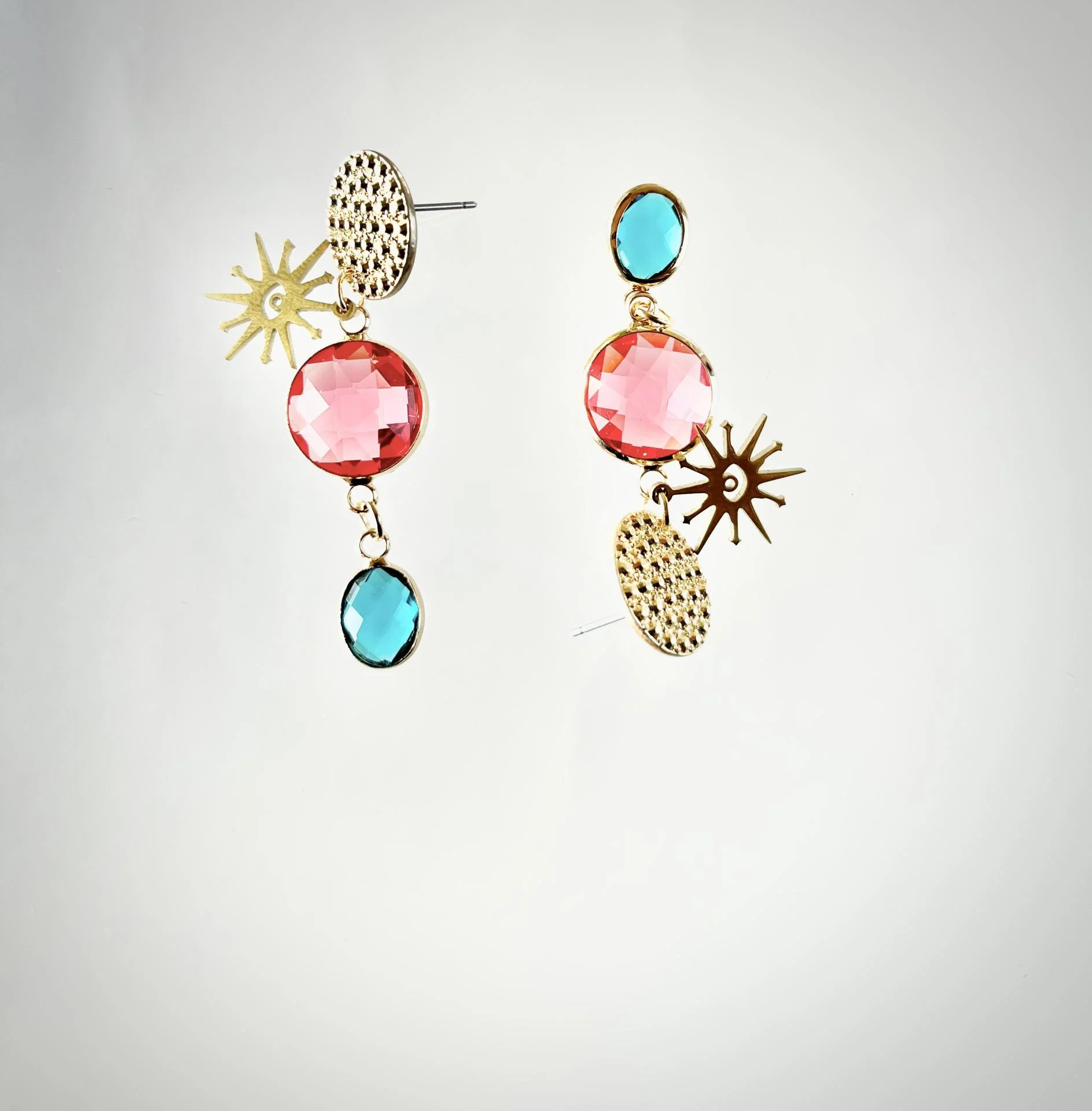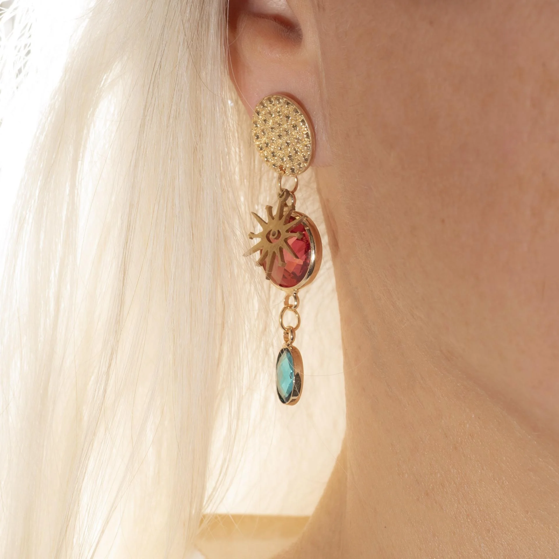 Délicates et lumineuses, ces boucles d'oreilles associent l'éclat du cristal à la chaleur du laiton doré. Leur touche de couleur capte la lumière avec subtilité, apportant une élégance naturelle à chaque mouvement.
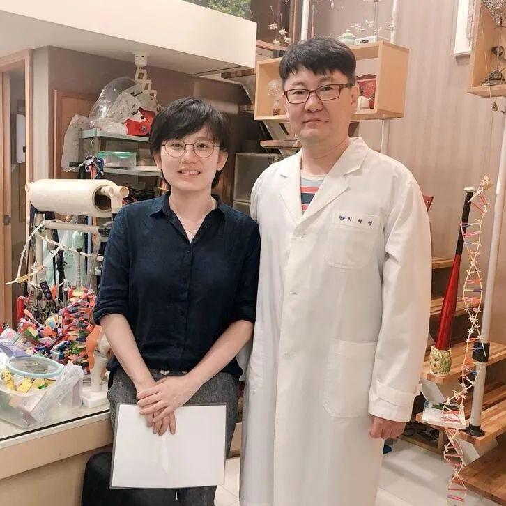 张琦博士(左一)与韩国中央大学副校长、医学院教授金原用合影
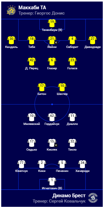 На поле в 20:00 выйдут израильский «Маккаби» Тель-Авив и «Динамо» из Бреста.
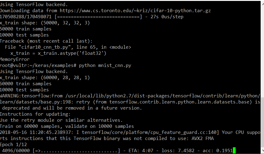 很遗憾,在1024mb的vps上面,cifar_10跑不起来,最后还是选择跑mnist
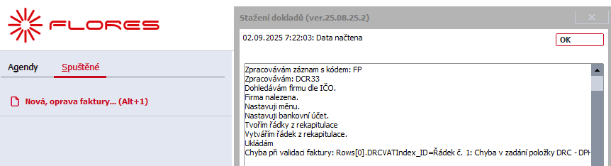 Pokud je v Parametrech firmy nastaveno “Automaticky”, tak se ukáže chyba a v logu je tato hláška: “Chyba při validaci faktury: Rows[0].DRCVATIndex_ID=Řádek č. 1: Chyba v zadání položky DRC - DPHIndex.”
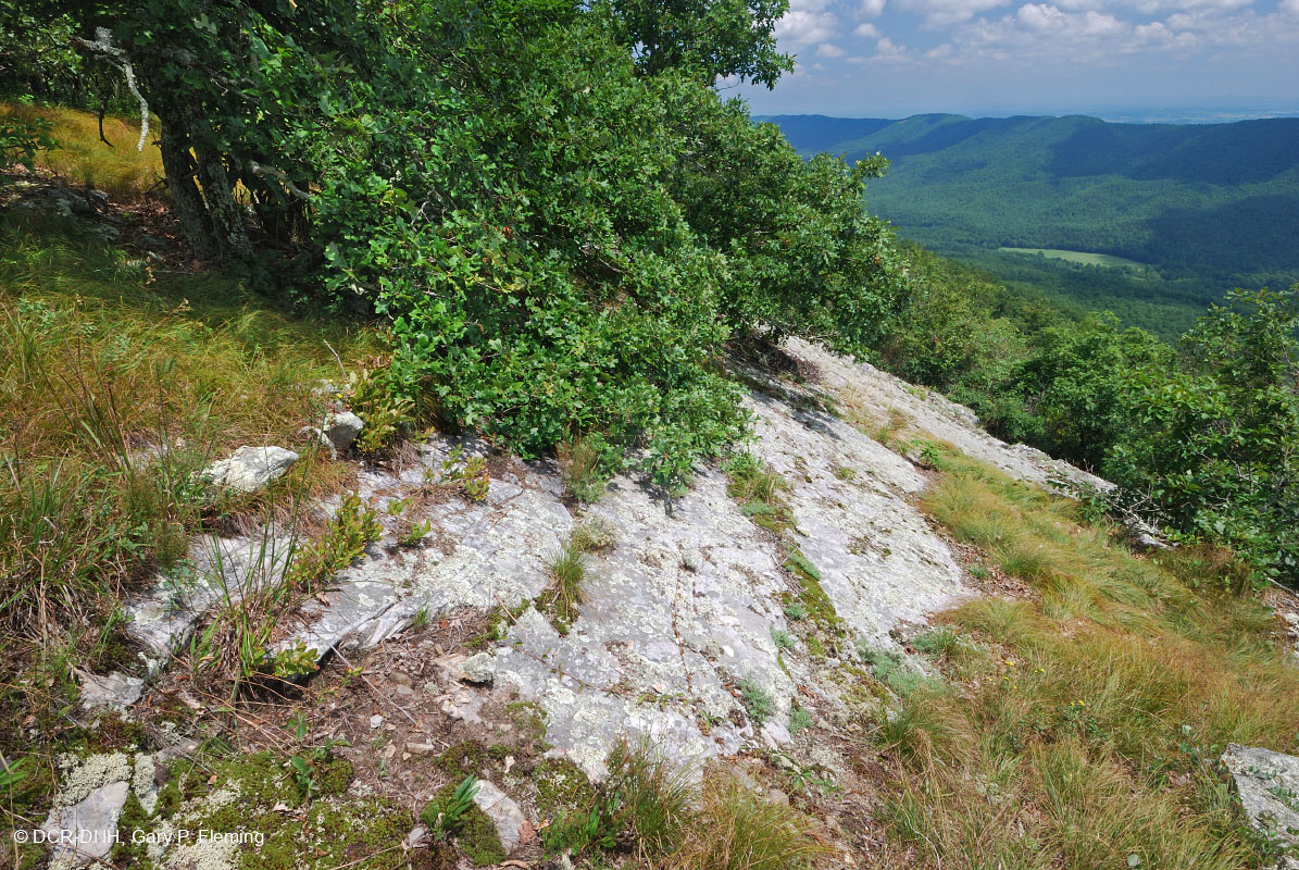 Post oak (Quercus stellata) and Pennsylvania sedge (Carex pensylvanica) are the dominant species in this acidic woodland on a large Silurian sandstone outcrop. Southeastern flank of Walker Mountain, northwest of Pulaski in Pulaski County. Eastern Divide Ranger District, George Washington & Jefferson National Forests. © DCR-DNH, Gary P. Fleming
····················
DIRECTIONS
The whole listing above is to be printed exactly; the pictures stay out.

TASK OUTPUT
 Délicates et lumineuses, ces boucles d'oreilles associent l'éclat du cristal à la chaleur du laiton doré. Leur touche de couleur capte la lumière avec subtilité, apportant une élégance naturelle à chaque mouvement.
 张琦博士(左一)与韩国中央大学副校长、医学院教授金原用合影
 На поле в 20:00 выйдут израильский «Маккаби» Тель-Авив и «Динамо» из Бреста.
 很遗憾,在1024mb的vps上面,cifar_10跑不起来,最后还是选择跑mnist
 Pokud je v Parametrech firmy nastaveno “Automaticky”, tak se ukáže chyba a v logu je tato hláška: “Chyba při validaci faktury: Rows[0].DRCVATIndex_ID=Řádek č. 1: Chyba v zadání položky DRC - DPHIndex.”
 Post oak (Quercus stellata) and Pennsylvania sedge (Carex pensylvanica) are the dominant species in this acidic woodland on a large Silurian sandstone outcrop. Southeastern flank of Walker Mountain, northwest of Pulaski in Pulaski County. Eastern Divide Ranger District, George Washington & Jefferson National Forests. © DCR-DNH, Gary P. Fleming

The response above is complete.